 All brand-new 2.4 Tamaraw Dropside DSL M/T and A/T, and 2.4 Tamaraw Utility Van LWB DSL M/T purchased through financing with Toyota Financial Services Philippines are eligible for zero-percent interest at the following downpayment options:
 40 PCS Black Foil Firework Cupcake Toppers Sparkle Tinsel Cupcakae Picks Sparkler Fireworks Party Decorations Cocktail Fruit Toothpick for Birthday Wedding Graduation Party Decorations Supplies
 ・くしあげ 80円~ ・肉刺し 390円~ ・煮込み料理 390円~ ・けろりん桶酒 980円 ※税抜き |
...
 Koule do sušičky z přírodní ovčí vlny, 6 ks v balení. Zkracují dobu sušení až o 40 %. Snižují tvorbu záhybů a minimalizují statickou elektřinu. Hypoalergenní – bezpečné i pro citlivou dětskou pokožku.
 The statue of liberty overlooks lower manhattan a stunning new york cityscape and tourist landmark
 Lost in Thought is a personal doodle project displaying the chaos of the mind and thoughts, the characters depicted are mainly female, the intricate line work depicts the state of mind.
---
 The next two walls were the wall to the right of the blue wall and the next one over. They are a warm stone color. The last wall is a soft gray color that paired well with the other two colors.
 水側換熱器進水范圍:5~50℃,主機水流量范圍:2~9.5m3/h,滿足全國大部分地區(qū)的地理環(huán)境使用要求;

## What the task requires
Only the lines above from the line containing "40 PCS Black" through the line containing "980円 ※税抜き |" should be retyped, exactly and with both ends included.

## Exercise output
 40 PCS Black Foil Firework Cupcake Toppers Sparkle Tinsel Cupcakae Picks Sparkler Fireworks Party Decorations Cocktail Fruit Toothpick for Birthday Wedding Graduation Party Decorations Supplies
 ・くしあげ 80円~ ・肉刺し 390円~ ・煮込み料理 390円~ ・けろりん桶酒 980円 ※税抜き |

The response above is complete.